TO DO -
Transcribe the whole listing exactly; the images stay out.

GIVEN DATA -
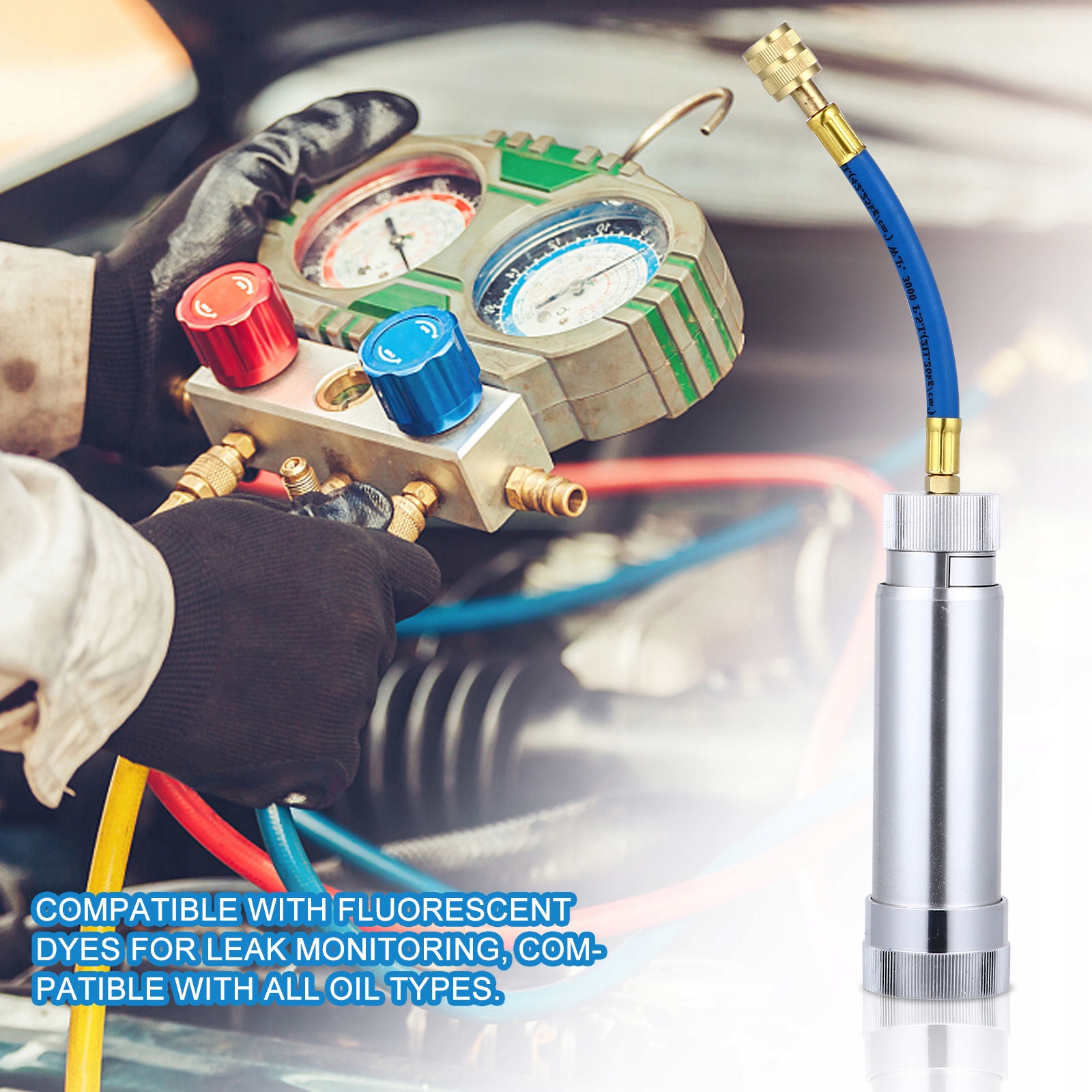 цей продукт являє собою трубку для наповнення чистого рідкого холодильного масла. Масляний бак можна відкрутити, а охолоджуюче масло можна залити в Автомобільний кондиціонер. Підходить для наповнення системи охолодження автомобільного кондиціонера.
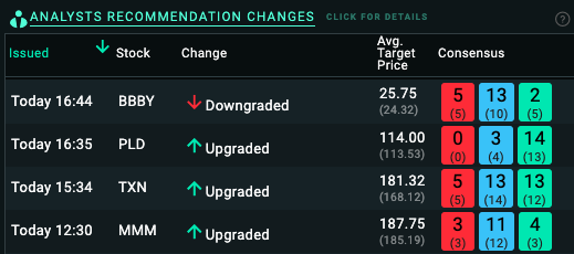This box shows Analyst recommendation changes within your selected universe. You see the time of the Recommendation change and the TP (12 month forward target price) change with the old TP in brackets under the new TP.
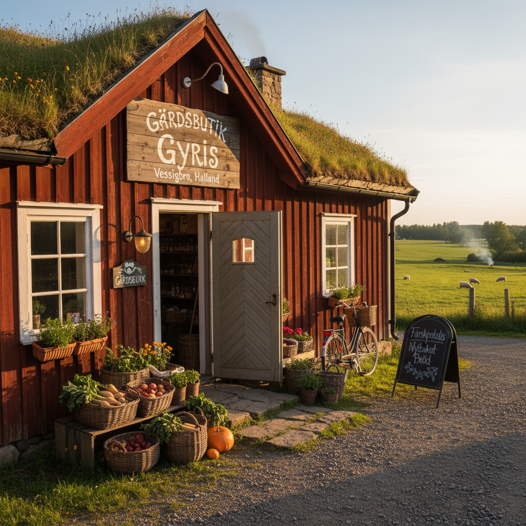 Gårdsbutik Gyris är en gårdsbutik i Vessigebro som erbjuder lokalproducerade varor och gårdens egna produkter.
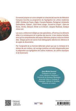 Ce manuel propose un cours complet sur chacune des œuvres de littérature française inscrites au programme de l’agrégation de Lettres modernes 2026 : Cligès de Chrétien de Troyes ; Pantagruel de François Rabelais ; Poésies d'Antoinette Deshoulières, ; Turcaret et Crispin d'Alain-René Lesage ; Ourika, Édouard, Olivier ou le Secret de Claire de Duras ; Quelque chose noir de Jacques Roubaud.

SOLUTION TO THIS TASK -
 цей продукт являє собою трубку для наповнення чистого рідкого холодильного масла. Масляний бак можна відкрутити, а охолоджуюче масло можна залити в Автомобільний кондиціонер. Підходить для наповнення системи охолодження автомобільного кондиціонера.
This box shows Analyst recommendation changes within your selected universe. You see the time of the Recommendation change and the TP (12 month forward target price) change with the old TP in brackets under the new TP.
 Gårdsbutik Gyris är en gårdsbutik i Vessigebro som erbjuder lokalproducerade varor och gårdens egna produkter.
 Ce manuel propose un cours complet sur chacune des œuvres de littérature française inscrites au programme de l’agrégation de Lettres modernes 2026 : Cligès de Chrétien de Troyes ; Pantagruel de François Rabelais ; Poésies d'Antoinette Deshoulières, ; Turcaret et Crispin d'Alain-René Lesage ; Ourika, Édouard, Olivier ou le Secret de Claire de Duras ; Quelque chose noir de Jacques Roubaud.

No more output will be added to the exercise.